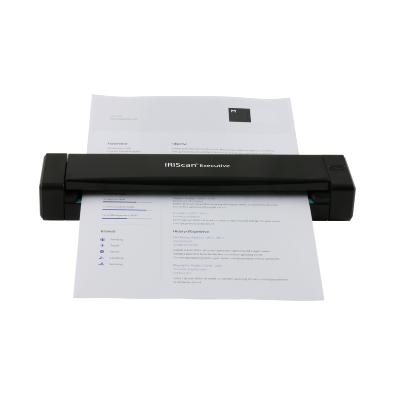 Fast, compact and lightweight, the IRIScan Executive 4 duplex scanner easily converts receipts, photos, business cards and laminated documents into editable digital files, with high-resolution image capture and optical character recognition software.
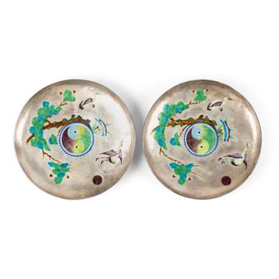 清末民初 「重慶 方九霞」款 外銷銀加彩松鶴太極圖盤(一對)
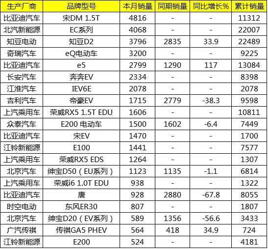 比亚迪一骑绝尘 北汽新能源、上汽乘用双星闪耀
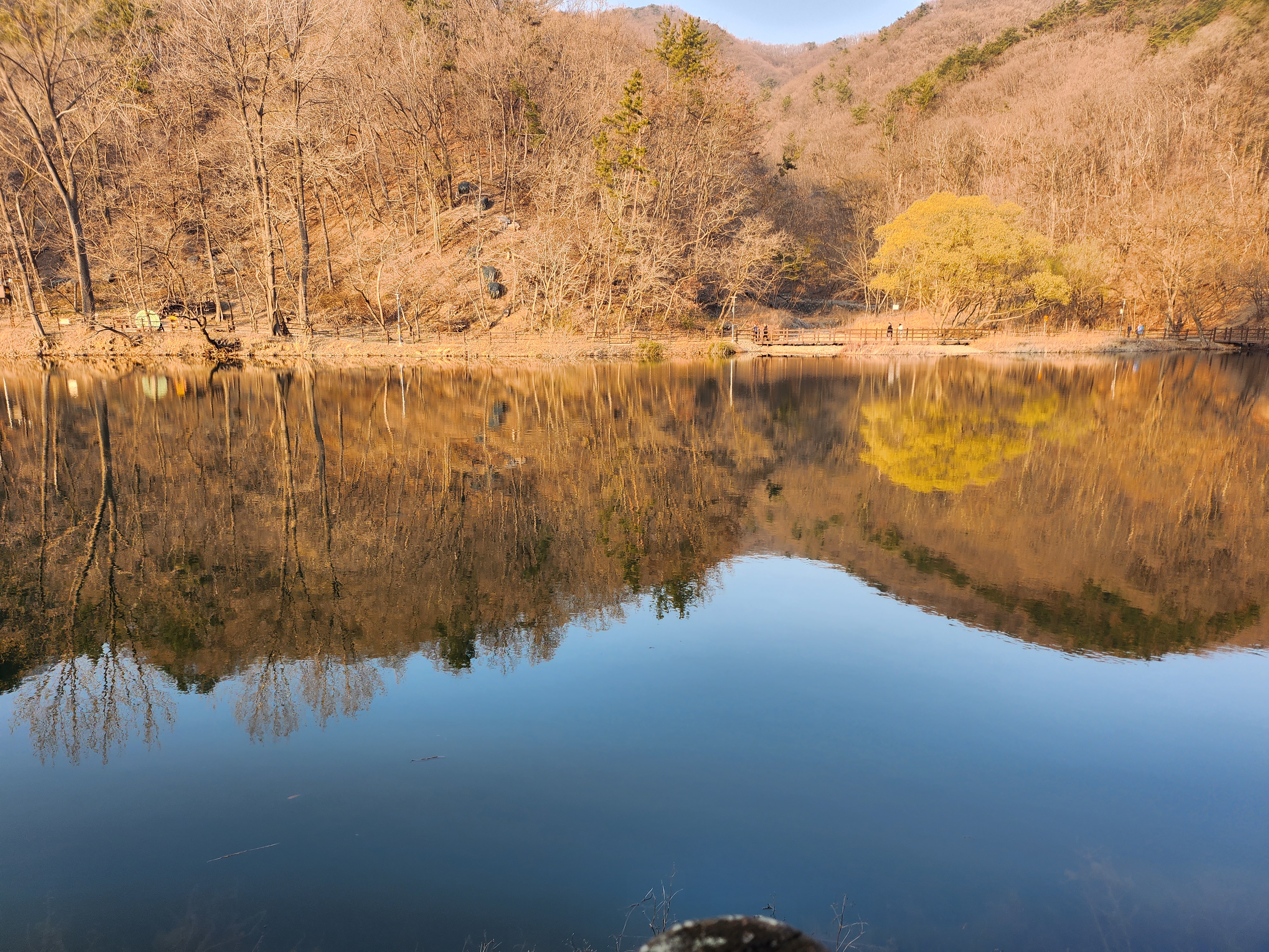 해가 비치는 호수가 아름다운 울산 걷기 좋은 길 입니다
---
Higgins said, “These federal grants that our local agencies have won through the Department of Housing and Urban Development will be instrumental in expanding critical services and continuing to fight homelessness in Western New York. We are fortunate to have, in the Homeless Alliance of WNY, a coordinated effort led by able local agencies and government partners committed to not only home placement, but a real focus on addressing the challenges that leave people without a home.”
* * *
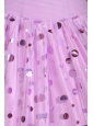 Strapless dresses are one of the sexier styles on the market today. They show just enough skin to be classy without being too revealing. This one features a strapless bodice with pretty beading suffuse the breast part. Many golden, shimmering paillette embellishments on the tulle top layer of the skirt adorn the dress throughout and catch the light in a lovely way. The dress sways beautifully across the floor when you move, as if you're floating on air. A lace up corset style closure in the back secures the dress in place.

# WORK ITEM
Write out exactly the run of lines above that starts at the line containing "清末民初 「重慶 方九霞」款 外銷銀加彩松鶴太極圖盤(一對)" and ends at the line containing "해가 비치는 호수가 아름다운 울산 걷기 좋은 길 입니다". Include both, and leave the pictures out.

# SOLUTION FOR THIS EXERCISE
 清末民初 「重慶 方九霞」款 外銷銀加彩松鶴太極圖盤(一對)
 比亚迪一骑绝尘 北汽新能源、上汽乘用双星闪耀
 해가 비치는 호수가 아름다운 울산 걷기 좋은 길 입니다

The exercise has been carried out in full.